ZHOU Fang,LIU Maofu,LI Shanzhi   

  1. (1.School of Computer Science and Technology,Wuhan University of Science and Technology,Wuhan 430065;
    2.Hubei Province Key Laboratory of Intelligent Information Processing and Real-Time Industrial System,Wuhan 430065;
    3.School of Computer,Wuhan Qingchuan University,Wuhan 430204,China)
  • Received:2024-03-01 Revised:2024-08-14 Online:2025-10-25 Published:2025-10-29

摘要: 编译器优化旨在通过在中间代码IR语言上进行一系列变换,提高代码在目标平台上的运行效率。传统方法通常依赖机器学习来分析IR特征,并预测LLVM编译器优化通道的最佳组合。然而,这些方法因受限于编译器现有优化策略和对全局信息的有限利用,其扩展性受限。采用深度学习自动将函数级IR从未优化状态转换至O2级别优化,并将此优化过程视为翻译任务。通过引入密集数据流图DDFG,能够提取IR代码的全局结构信息,从而引导模型更全面地学习代码语义。使用Transformer模型进行的实验表明,所提方法的模型能在O2级别有效训练IR,且86.15%的函数级优化代码能在保证语义完整性的同时,在编译器上正确执行。
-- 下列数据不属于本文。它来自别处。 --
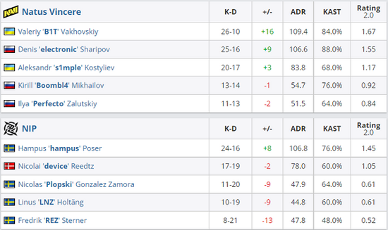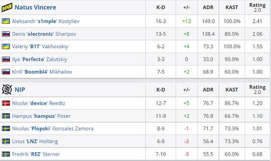 下半场hampus三杀为队伍首开局面,赢下手枪局的NIP趁势而上连追三分,NaVi在重新起回长枪后电子哥混烟打掉B区防守人员,NaVi占下B区仅剩的阿汤哥也只能被迫保枪,次局NIP强起完成翻盘,但NaVi很快便用一波行云流水的进攻给予回应,关键局NIP选择强钢但s1mple一人便将NIP的防守撕碎,经济崩盘的NIP只能眼睁睁的看着NaVi拿到赛点,赛点局手握枪械优势的NaVi没有给到NIP任何机会,随着大B哥手刃Rez,NaVi也是以16-9赢下比赛胜利。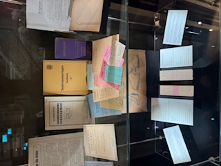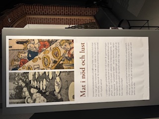 I UB:s nya utställningssal såg vi ”Mat i nöd och lust” (Bild 1). Här visas i olika montrar hur mat genom tiderna varit en bristvara och ett överflöd, Ransoneringskort och recept på chokladkakor skrivna av fångar i Ravensbrück. De utsatte sig själva för stor fara genom att i hemlighet bevara vad som en gång varit (Bild2 ). Reklamblad för bröd och glass ses på bilderna 3 och 4.Trevlig och informativ utställning väl värt ett besök.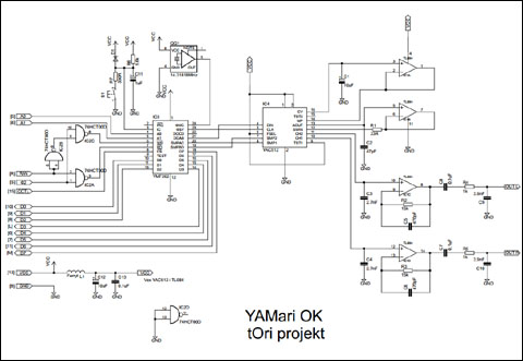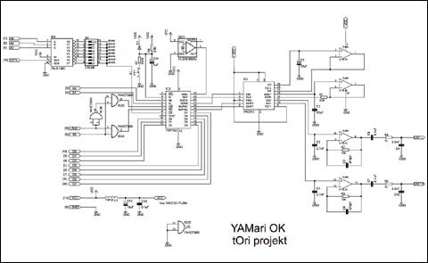 YAMari składa się z 4 układów scalonych, kwarcowego generatora scalonego oraz garstki elementów biernych. Na schemacie widoczne są układy: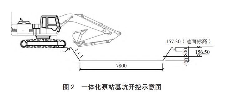 1)基坑工作面準備完成后,進行基坑開挖,第一次開挖深度1.2m(人機配合),采用長挖機挖土下沉,挖土?xí)r從中間向四周對稱分層取土,每層取土厚度控制在 50cm 范圍內(nèi)。一體化泵站基坑開挖示意圖見圖 2。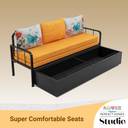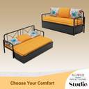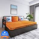 Flipkart Perfect Homes Studio With Storage 3 Seater Double Metal Pull Out Sofa Cum Bed (Finish Color - Orange with Printed Cushion Delivery Condition - Knock Down)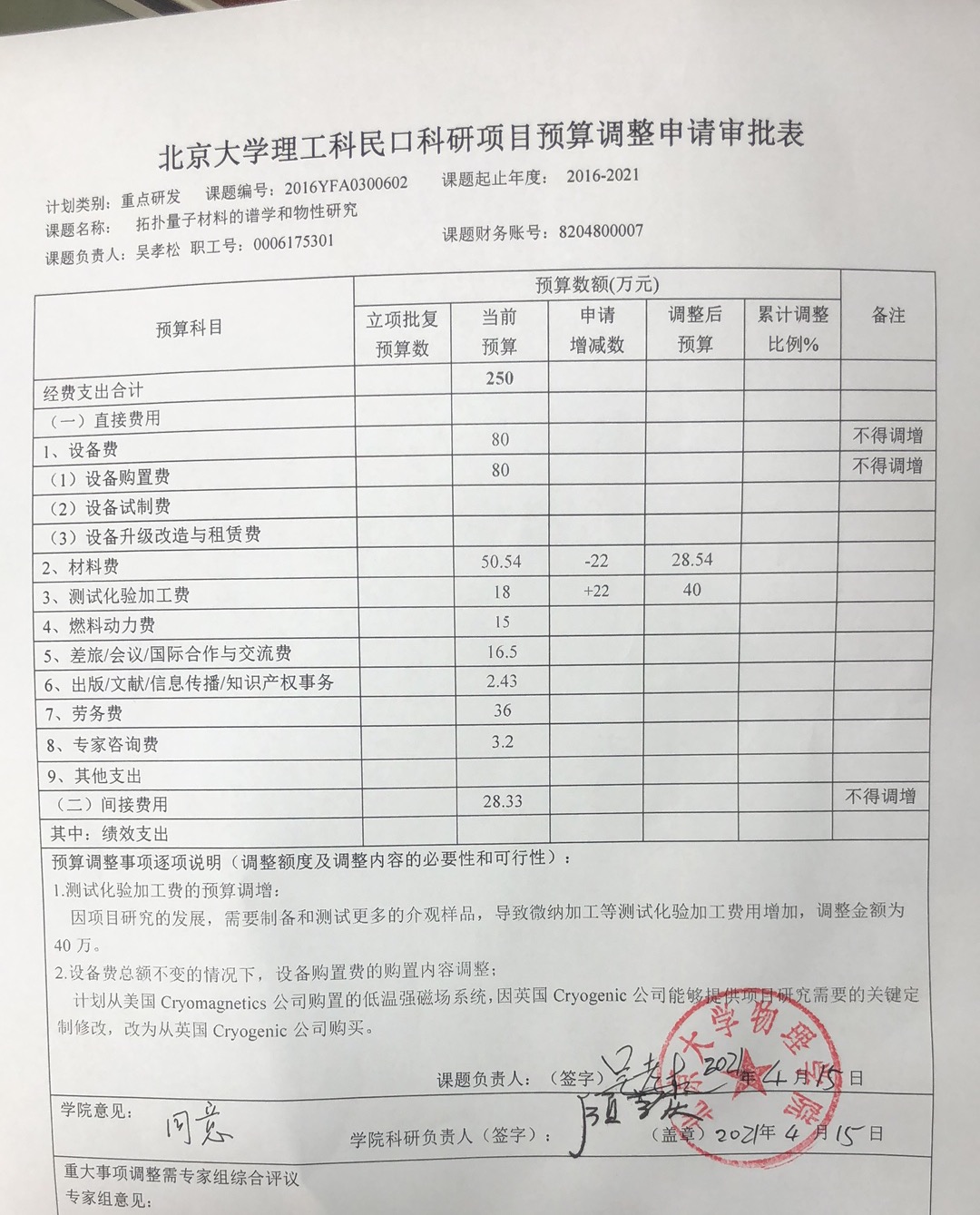 根据《关于实施北京大学理工科民口科研项目预算调剂规定的通知》,现将北京大学理工科民口科研项目“拓扑量子材料的谱学和物性研究”预算调整申请审批表相关内容予以公示。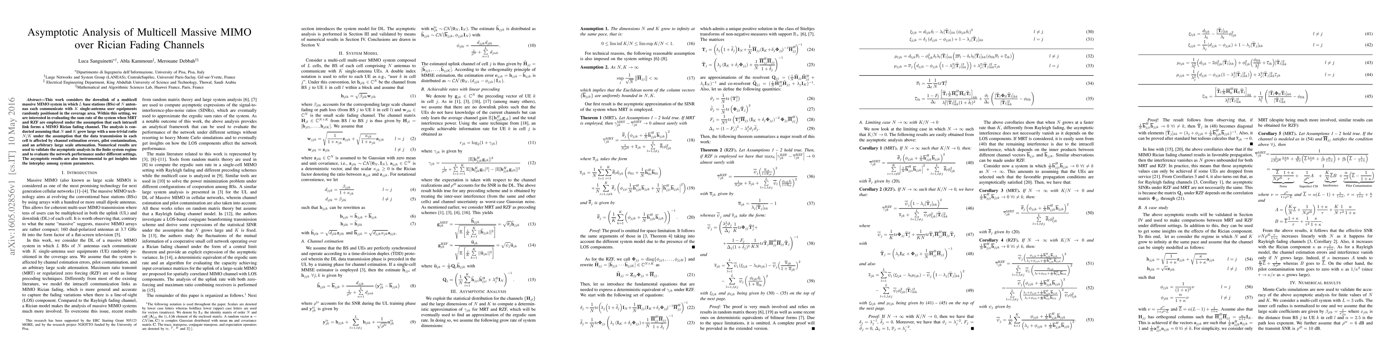 This paper analyzes the sum rate of a multicell massive MIMO system under Rician fading channels, employing MRT and RZF techniques. The asymptotic behavior is studied as the number of antennas and users grows large, considering channel estimation errors and pilot contamination. Numerical results validate the analysis and provide insights into the system's performance.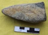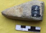 Roughly ground with central notches on the lateral sides retaining two shallow and slopping shoulders. Both the faces tapper and intersect at the thick and narrow edge with straight edge like retaining marks of use. The ventral end is thick, flat and rectangular showing marks of battering.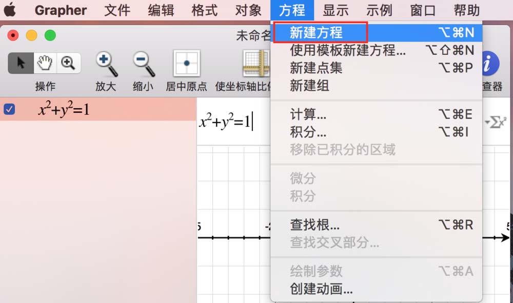5、更復雜的,還可以在同一坐標系中畫很多函數圖像。“方程”->“新建方程”就可以再寫一個方程,畫一個圖像。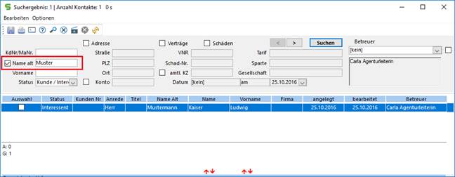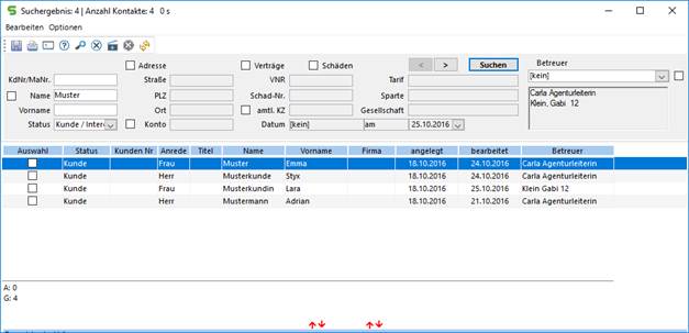 Schließen die Suchkriterien auch Vertragsdaten ein, kann über den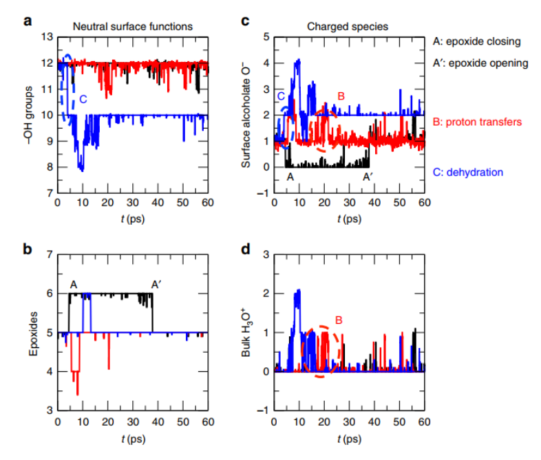 Figure 4. 氧化石墨烯在液體水中的動力學過程。GO表面中性官能團(左圖)數(shù)量隨時間的演變情況,GO表面或在水中的帶電荷物質(zhì)數(shù)量隨時間的演變情況(右圖)。(a)–OH官能團,(b)環(huán)氧化合物,(c)表面醇化物,(d)H3O+。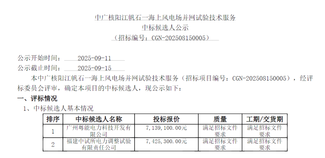 中广核阳江帆石一海上风电场并网试验技术服务中标候选人公示项目规模:项目规划装机容量为1000MW。招标内容与范围:根据所管辖电网海上风电场站并网要求完成阳江帆石一项目电网验收相关试验项目,包括现场试验、全场仿真建模试验和单机仿真建模试验。...
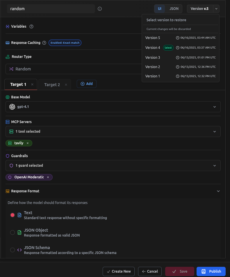 To preview changes in a draft or restored draft, switch the UI or JSON view selector to that draft and experiment in the Virtual Model Editor — all without impacting production calls.
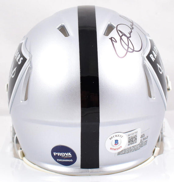 Eric Dickerson Autographed Raiders Speed Mini Helmet W/ HOF *thin - Beckett W Hologram *Black This is a Hand Autograph of Eric Dickerson of the Raiders on a Riddell Football Speed Mini Helmet and inscribed with HOF 99. This item has a Beckett Witness Authentication, which comes with a Beckett #'ed tamper-proof hologram and a QR code for verification. You can view this item on the Beckett Authentication website and it shows when and where the item was signed. It was signed either at a public autograph appearance or a private signing. This is a stock photo of the item. Although you may not receive this exact item, the item you receive is virtually identical and brand new in great shape.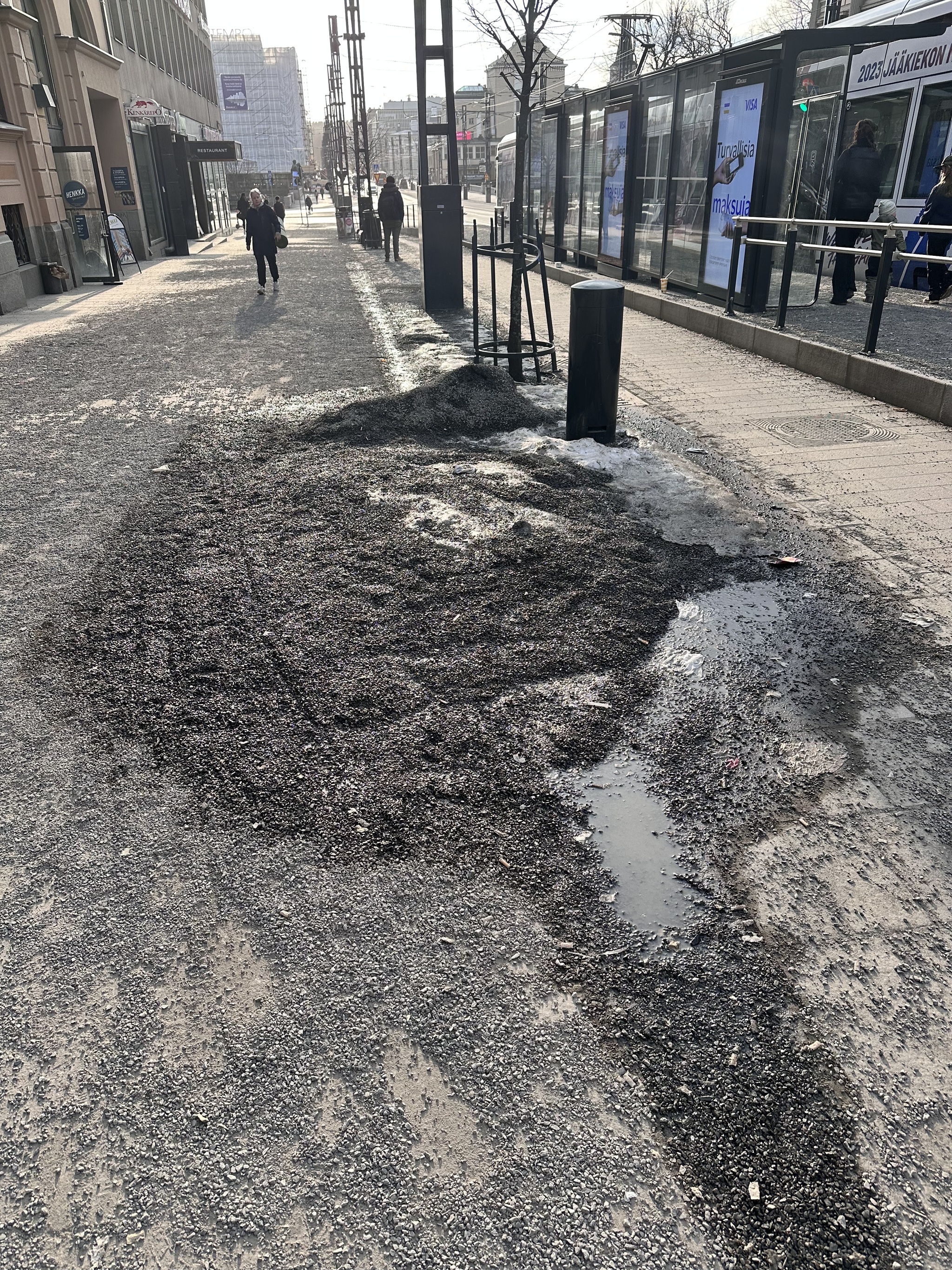 Был как-то в начале марта в Хельсинки. Не знаю, почему говноурбанисты так надрачивают на каменную крошку: она убивает обувь гораздо быстрее соли и в том же Хельсинки не убирается, пока все не просохнет. Там разве что центр столицы по весне более-менее чистится - а отойдешь на квартал в сторону и откроются все глубины жопы.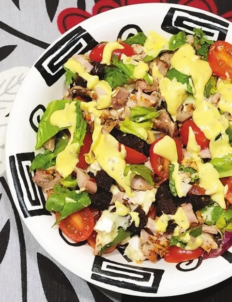 RUDZU MAIZES šķēlēm nogriezu garoziņas, mīkstumu sagriezu stienīšos, pārslacīju ar augu eļļu un pannā uz plīts apgrauzdēju. To varam darīt arī cepeškrāsnī. Pēc tam pagatavoju mērci. Majonēzi labi samaisīju ar sinepēm, jogurtu, baltvīna etiķi, sāli un pipariem. Ja nu mērce šķiet pārāk bieza, tai varam pievienot mazliet ūdens. Ķiršu tomātiņus pārgriezu uz pusēm, kūpinātos vistas girosus un brī sieru sagriezu gabaliņos. Piemaisīju saplucinātus dažādu lapu salātus un visu pārlaistīju ar pagatavoto mērci.

关键词: 编译器优化, 代码翻译, 密集数据流图, 数据流预测

Abstract: Compiler optimization aims to enhance the efficiency of code execution on target platforms by applying a series of transformations to the intermediate representation (IR) language. Traditional methods typically rely on machine learning to analyze IR features and predict the optimal combination of LLVM compiler optimization passes. However, these methods are limited by their reliance on existing compiler optimization strategies and insufficient use of global information, which limits their scalability. This study adopts deep learning to automatically translate function-level IR from an unoptimized state to the O2 optimization level, treating this optimization process as a translation task. By integrating a dense data flow graph (DDFG), this method is able to extract the global structural information from the IR code, thereby guiding the model to learn code semantics more comprehensively. Experiments using the Transformer model demonstrate that this method can effectively train IR at the O2 level, and 86.15% of the function-level optimized code can execute correctly on the compiler while ensuring semantic integrity.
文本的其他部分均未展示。